The US Department of Health and Human Services has canceled a contract between the Food and Drug Administration and a supplier of human fetal tissue, Advanced Bioscience Resources, according to an announcement on September 24. The company would have received $15,900 for human fetal tissue that would be used to make a laboratory mouse’s immune system more closely resemble a human’s, according to BuzzFeed News.
The move was preceded by a letter addressed to Food and Drug Administration (FDA) Commissioner Scott Gottlieb a week ago in which 85 House Republicans said they were troubled with the then-active contract. The letter also claimed that the supplier had broken federal and state laws in the course of its sale of human fetal tissue.
Health and Human Services (HHS) says in the statement it “was not sufficiently assured that the contract included the appropriate protections applicable to fetal tissue research or met all other procurement requirements.”
The agency will now carry out a survey of all research involving fetal tissue to make sure the protocols are above board and audit all acquisitions of such tissue.

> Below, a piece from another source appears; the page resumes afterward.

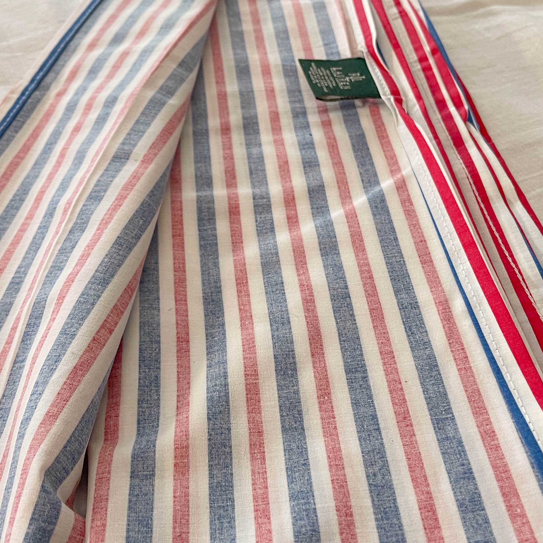 Rare Ralph Lauren King sheet set in the retired “American Summer Stripe” design. Made from crisp 100% cotton with bold red, white, and blue stripes. Includes a flat sheet, fitted sheet, and pillowcases. In excellent condition — a classic, all-American vintage bedding set.

“It could have a chilling effect on valuable research because companies who provide tissue may be scared out of use and provision,” Lawrence Goldstein of the University of California, San Diego School of Medicine tells Science. “Mice with human immune systems are incredibly valuable for research of terrible diseases, and there really is no alternative,” Goldstein tells BuzzFeed News.
Antiabortion activists are gratified by the government’s effort. “HHS’s newly-announced review of fetal tissue procurement and experimentation must be exacting, and it must terminate all other agreements for baby body parts,” David Daleiden, the Center for Medical Progress’s project leader, says in a statement.
According to The Washington Post, an HHS spokeswoman was reticent to reveal the details of the department’s review. Over 2017 and 2018, the National Institutes of Health (NIH) spent $98 million and $103 million, respectively, on outside projects involving fetal tissue, according to Science. But the NIH does not work with suppliers of fetal tissue for its intramural research.